« Le meilleur film jamais consacré à la police de Los Angeles. » C’est un spécialiste qui l’a dit, James Ellroy, lors d’un récent débat à la Cinémathèque française. On ne peut que lui donner raison. Carlotta permet enfin de revoir Les flics ne dorment pas la nuit (The New Centurions, 1972) en DVD et Blu-ray.
De retour aux Etats-Unis après trois tournages européens Fleischer réalise l’un de ses meilleurs films mais aussi l’un des plus beaux films américains des années 70, qui confirme une nouvelle fois le talent mais aussi l’acuité politique, l’humanisme du cinéaste.
A Los Angeles, une nouvelle recrue (Stacy Keach) de la police est associée à un vétéran (George C. Scott), pour les patrouilles de nuit. Les flics ne dorment pas la nuit est une chronique qui se déroule sur une durée de plusieurs mois, constituée de différents épisodes de la vie professionnelle, et parfois intime, d’un groupe de policiers à Los Angeles. La première vertu de ce film, c’est son réalisme et sa dimension prolétarienne. Fleischer montre, fait rare, la vie quotidienne des simples policiers en uniformes, qui arpentent la ville de jour comme de nuit, confrontés à la violence et à la misère sociale du monde moderne. Fleischer filme leur travail avec honnêteté, au ras du bitume, adoptant un style presque documentaire. Il n’a pas peur de se confronter au sordide et à briser certains tabous. Le jeune flic sombre dans l’alcoolisme et boit pendant son service. Une intervention révèle un cas dramatique de maltraitance sur un nourrisson. Une bavure policière ou la mort d’un flic dans la rue sont filmées comme des accidents aussi absurdes que tragiques.

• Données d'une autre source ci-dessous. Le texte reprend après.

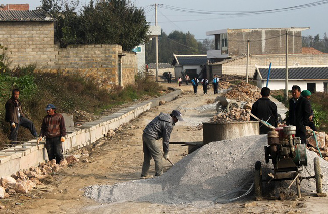 11月14日,记者在草海边看到,环海公路工程正在紧张施工。据了解,该工程由自治县交通局招标修建,工程分为两个标段,第一标段13448米,第二标段12312米,从草海码头至杨家院子,赵家院子至管家院子。环海公路的修建,为草海旅游观光的游客提供了方便。图为建设现场。 (记者 胡雍辉 摄)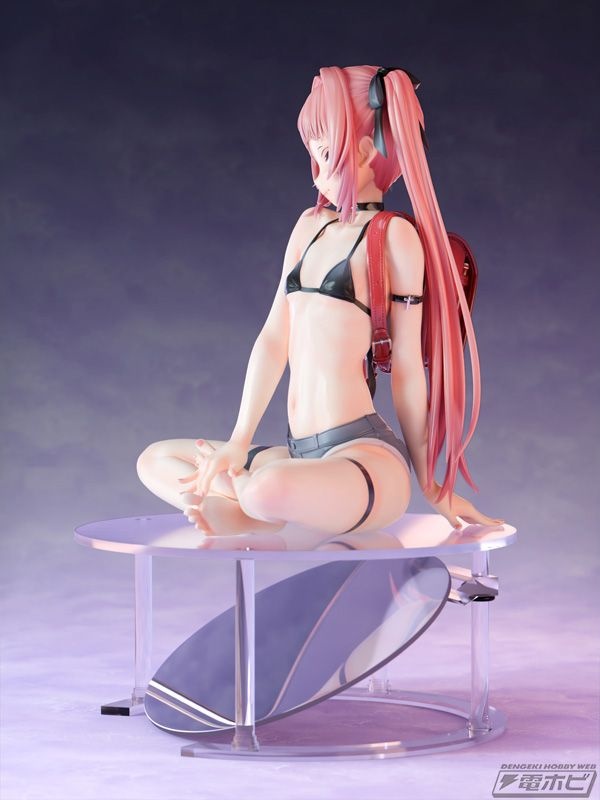 いたずらっぽい笑みを浮かべながら、挑発するような姿のメスガキちゃん・西宮あいを立体化! 「夏服ver.」の名の通り、黒いビキニトップとショートパンツ姿が、肌の明るさを引き立てつつ、大人ぶった挑発を感じさせます。また、本アイテムでは好みの角度に調節可能な特製の鏡面台座を採用。下からも横からも、新しい一面を楽しめる仕上がりとなっています。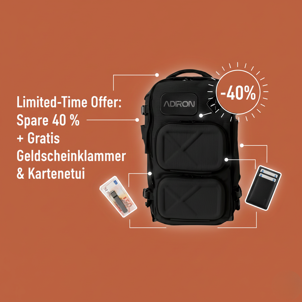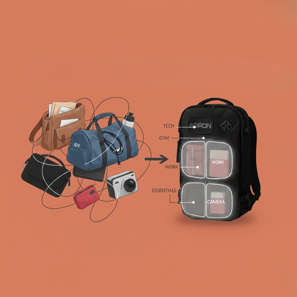 Chaos durch mehrere Taschen? Adiron ersetzt fünf — in nur einer einzigen Lösung.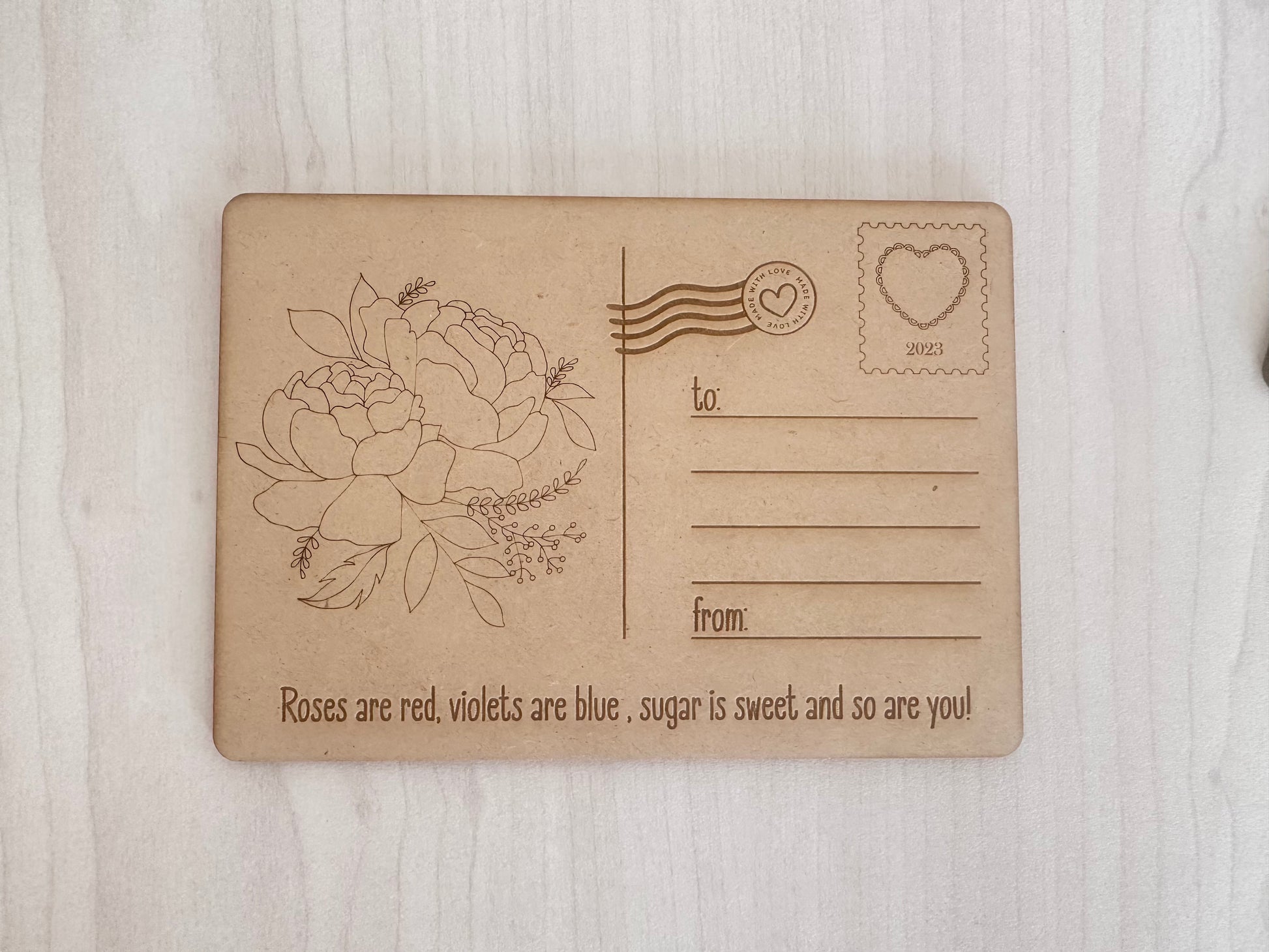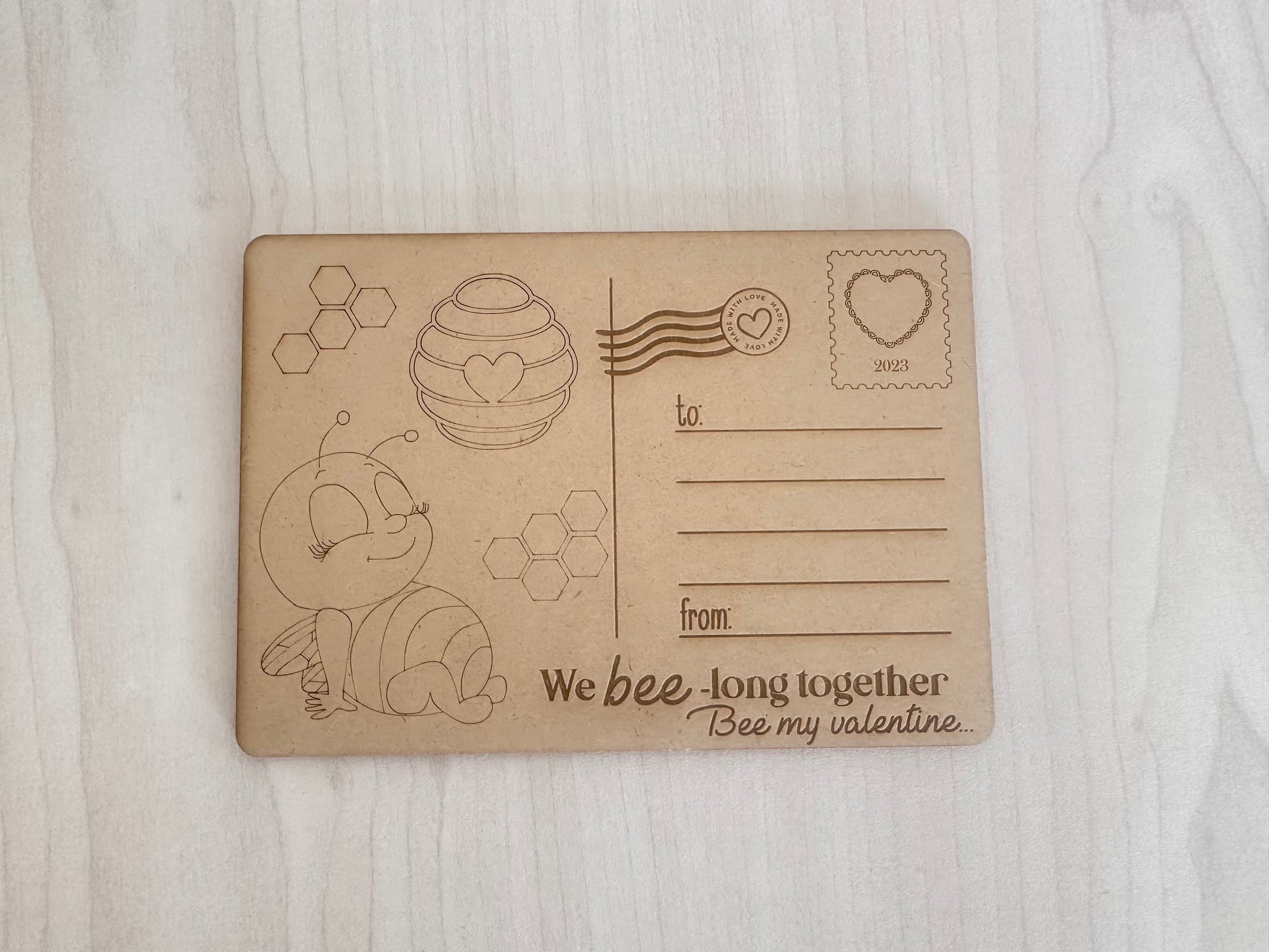 A6 size wooden postcards that can be painted or coloured- in with Koki’s…

Stacy Keach et George C. Scott dans Les flics ne dorment pas la nuit de Richard Fleischer
Fleischer filme aussi les doutes, les colères, les angoisses des flics sans sombrer dans la démagogie et sans jamais oublier l’importance de la dramaturgie, et encore moins la précision et l’élégance de la mise en scène.
La scène du suicide du personnage interprété par Scott, peu de temps après son départ en retraite, ne possède guère d’équivalent dans le cinéma américain. Comme si la poésie épique rencontrait la rubrique faits-divers.

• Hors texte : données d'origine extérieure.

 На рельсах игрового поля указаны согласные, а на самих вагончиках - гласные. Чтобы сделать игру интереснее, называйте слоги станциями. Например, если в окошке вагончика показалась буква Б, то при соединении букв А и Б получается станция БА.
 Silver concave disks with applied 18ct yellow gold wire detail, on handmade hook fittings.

Le film est adapté – par le scénariste Stirling Silliphant – d’un roman de Joseph Wambaugh, écrivain qui avait été policier à la LAPD avant sa reconversion littéraire et compilait dans « The New Centurions » ses observations et ses souvenirs de patrouille de manière à peine romancée. Les flics ne dorment pas la nuit malgré quelques admirateurs éparpillés dans le monde, et dont le nombre devrait augmenter grâce à cette édition numérique française, n’a pas encore la réputation qu’il mérite. Il fut même à l’époque de sa sortie taxé de fascisme par la critique, à l’instar de L’Inspecteur Harry, parce qu’il s’intéressait au sort de la police en adoptant le point de vue d’une recrue idéaliste. Rien de plus faux et de plus stupide : le film de Fleischer ne possède pas l’ambigüité géniale du film de Don Siegel. Il est juste d’un pessimisme et d’une lucidité à la limite du supportable, et profondément humain.